Overall, 2019 was quite a year with most indexes increasing by roughly a third. From a historical perspective, the period from 2010 through 2019 was the first contiguous decade in the history of the market without a recession. During this period, we had only one (2018) negative year.
The gains of 2019 were phenomenal in light of the many headwinds facing investors heading into, and throughout, the year:
- Geopolitical uncertainty
- A Global trade conflict
- A Global economic slowdown
- Worsening domestic business profits
- Weak fourth quarter U.S. company outlooks
- Lethargic business investment (despite the promises of the 2017 Tax Cuts and Jobs Act)
- Historically low unemployment that has been stymied by a lack of qualified, skilled workers
The performance of 2019 makes little sense given the noise in the background.

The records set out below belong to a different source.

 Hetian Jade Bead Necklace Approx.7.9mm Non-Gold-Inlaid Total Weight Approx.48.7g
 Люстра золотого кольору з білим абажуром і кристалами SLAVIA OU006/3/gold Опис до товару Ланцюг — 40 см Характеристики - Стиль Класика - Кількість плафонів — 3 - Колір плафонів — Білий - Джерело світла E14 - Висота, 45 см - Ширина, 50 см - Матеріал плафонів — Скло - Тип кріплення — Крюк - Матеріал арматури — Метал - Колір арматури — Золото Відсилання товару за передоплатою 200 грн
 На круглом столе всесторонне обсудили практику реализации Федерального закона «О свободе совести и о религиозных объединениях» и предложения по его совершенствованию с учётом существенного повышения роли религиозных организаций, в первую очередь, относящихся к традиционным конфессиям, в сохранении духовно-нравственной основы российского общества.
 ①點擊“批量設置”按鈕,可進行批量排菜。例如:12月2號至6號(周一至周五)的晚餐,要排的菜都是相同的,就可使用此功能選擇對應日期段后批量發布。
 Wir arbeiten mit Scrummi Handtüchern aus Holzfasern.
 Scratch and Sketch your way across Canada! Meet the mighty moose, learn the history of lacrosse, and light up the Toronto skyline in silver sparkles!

How are equity markets setting records with slowing profits, weakening company guidance, and seemingly continuous dour global economic news?
The answer is likely that we are late in the business cycle and, with each year of the market setting new records, the Fear of Missing Out (FOMO) becomes increasingly high. With global interest rates at historic lows, pensions and retirees can’t rely on the safety of fixed income to meet their portfolio return requirements. When rates on “safe” securities are ultra-low, investors feel compelled to take on greater risk to get an acceptable return on their money. They “reach for yield” to avoid missing out on the gains investors are seeing everywhere else.

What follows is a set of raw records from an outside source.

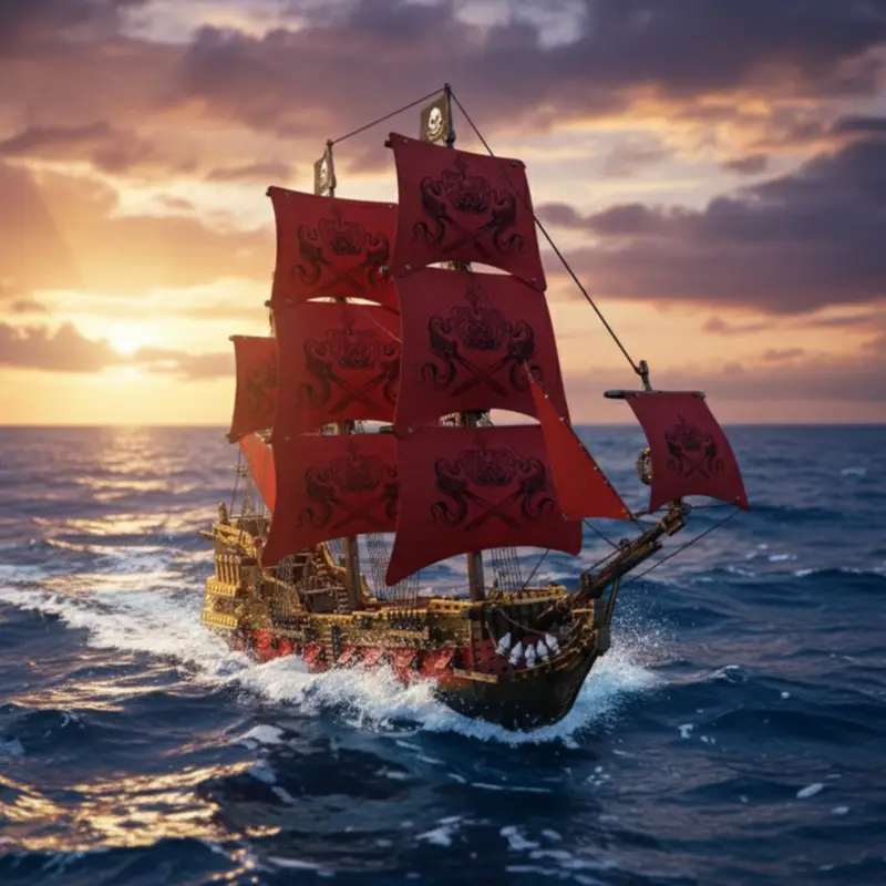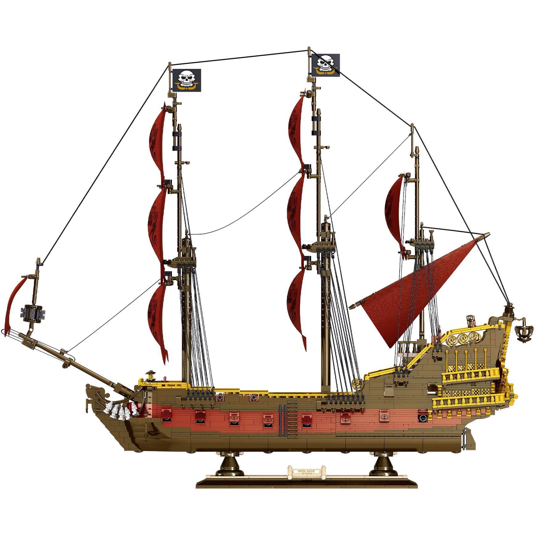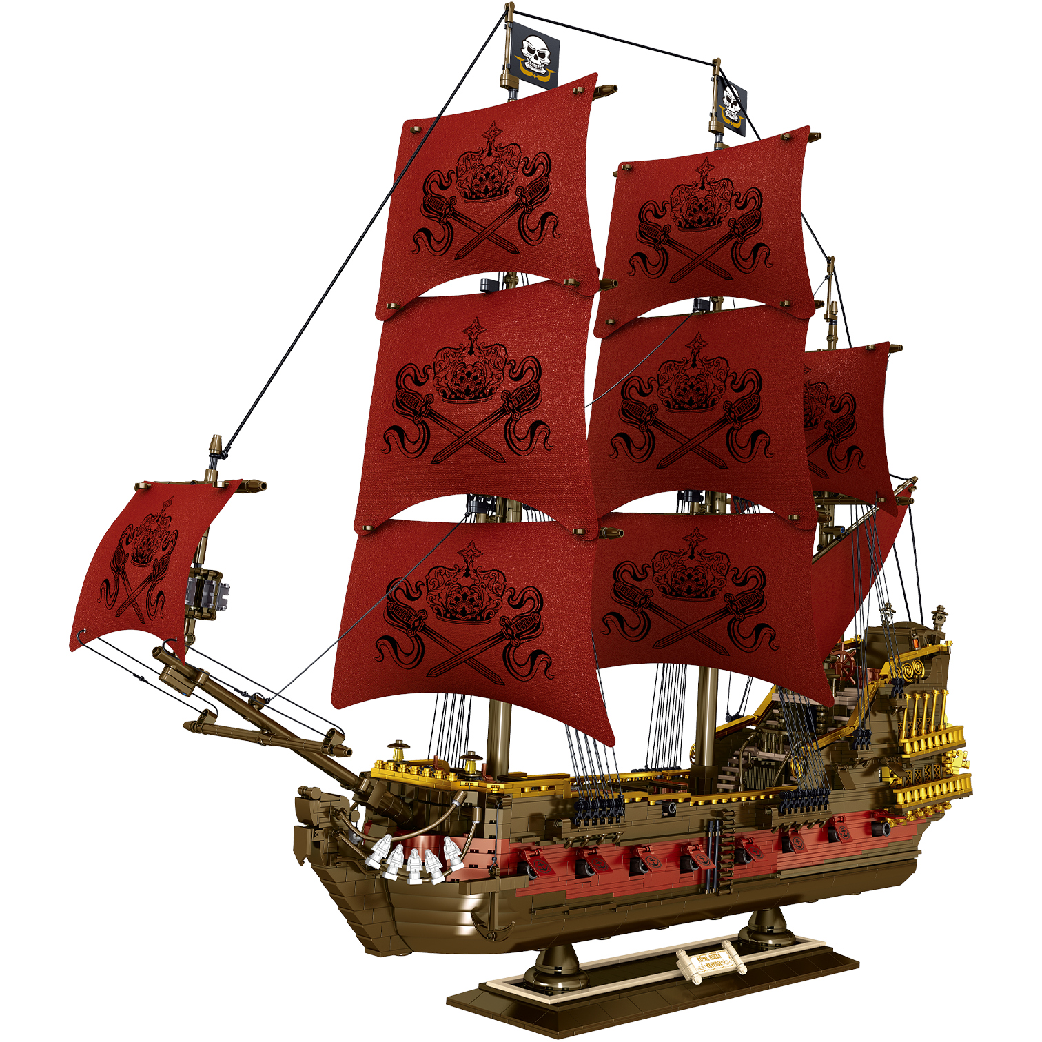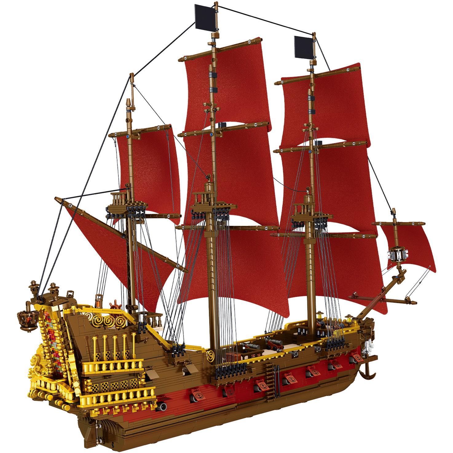 - Trup rdečo oblogo, z dekorativnimi jadri, jambori, zastavami in piratskimi simboli
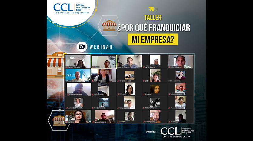 El Centro de Desarrollo Empresarial de Franquicias de la Cámara de Comercio de Lima (CCL), liderado por Alfredo Taboada, organizó el taller ¿Por qué franquiciar mi empresa?. Dicho webinar fue dictado por los consultores de Franchise Master Group, Fabiola Delgado y Eduardo Chianea, quienes, durante la sesión, dieron a conocer los beneficios de invertir en franquiciar la propia empresa a largo plazo. El taller contó con la participación de 56 personas, entre ellos empresarios de medianas empresas y público en general.
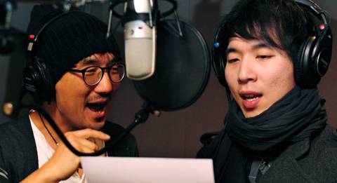 지난 28일 오후 서울 강남구 논현동 플럭서스(Fluxus) 스튜디오에서 가수 이한철씨가 오토튠으로 사용할 음원을 만들기 위해 본지 전지인 인턴기자의 노래를 코치하고 있다. 오토튠(Auto - Tune)은 미국 '안타레스 오디오 테크놀러지스'사가 1997년 개발한 음조 보정용 소프트웨어로 노래나 악기 연주에서 음계를 벗어난 음을 정확하게 맞춰주는 프로그램이다.

Stable economies sow the seeds of their own destruction
– Hyman Minsky
Hyman Minsky was an American economist and professor of economics at Washington University in St. Louis. Minsky was also a distinguished scholar at the Levy Economics institute of Bard College where he was responsible for establishing two of the Institute’s ongoing research programs: Monetary Policy and Financial Structure, and The State of the U.S. and World Economies. His research attempted to explain the characteristics of financial crises, which he attributed to swings in a potentially fragile financial system.
Minsky proposed theories which linked financial market fragility, in the normal life cycle of an economy, with speculative investment bubbles. His theory stated that in prosperous times, when company cash flow rises beyond what is needed to pay down debt, a speculative euphoria develops, and soon thereafter debts exceed what borrowers can pay off from their normal income. This, in turn, leads to a financial crisis.

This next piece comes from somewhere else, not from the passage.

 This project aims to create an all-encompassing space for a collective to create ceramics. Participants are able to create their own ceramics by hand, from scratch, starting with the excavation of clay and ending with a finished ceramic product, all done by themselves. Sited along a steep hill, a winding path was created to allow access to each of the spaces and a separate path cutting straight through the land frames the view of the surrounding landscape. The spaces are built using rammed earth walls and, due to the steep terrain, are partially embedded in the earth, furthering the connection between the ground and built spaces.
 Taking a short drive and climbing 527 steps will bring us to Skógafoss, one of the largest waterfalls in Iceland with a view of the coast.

Minsky divided the economic cycle into three distinct phases based on how businesses (investors) seek financing/debt. In the first phase, “Hedge Financing,” firms take on a small amount of debt where they have no trouble making both capital and interest payments. The companies rely on future cashflow and healthy profits to repay all their obligations. In the second phase, “speculative financing,” the borrowing is a bit riskier. Borrowers stretch their finances until they can really only afford to pay the interest on their debt. They have cashflow to pay the interest, but they have to roll over the debt to repay the principal. This is manageable as long as the economy functions smoothly, but a downturn could lead to distress. The third phase, “Ponzi Financing,” is the most speculative and dangerous. Borrowers do not have cashflow to cover principal or interest and the prices have to rise to support their liabilities. If prices fail to rise, borrowers are left swimming naked. Said simply, when economies feel stable, overconfident investors begin to take excessive risks that lead the economy to instability. These principles were highly applicable to the 2008 Financial crisis, and also to the Dot-com speculation and crash at the turn of the century.
How does this apply to today? While I don’t believe we are at a point of our Minsky Moment, I do see pockets of excess. These include the Venture Capital and Private Equity subsidies which I mentioned in my last note, a return of covenant-lite loans to support the influx of investments into Private Equity, and a seeming glut of student loan debt which could lead to problems when the government is forced to foot the bill. But the concept of “economic stability itself breeds instability” is not limited to businesses and borrowing. Everyday consumers fall into this trap. My wife would say that it can lead to questionable decisions in romantic relationships. I would also add that it can lead politicians to make destabilizing decisions.
I continue to believe that we are not on as sound economic footing as the market rise would indicate.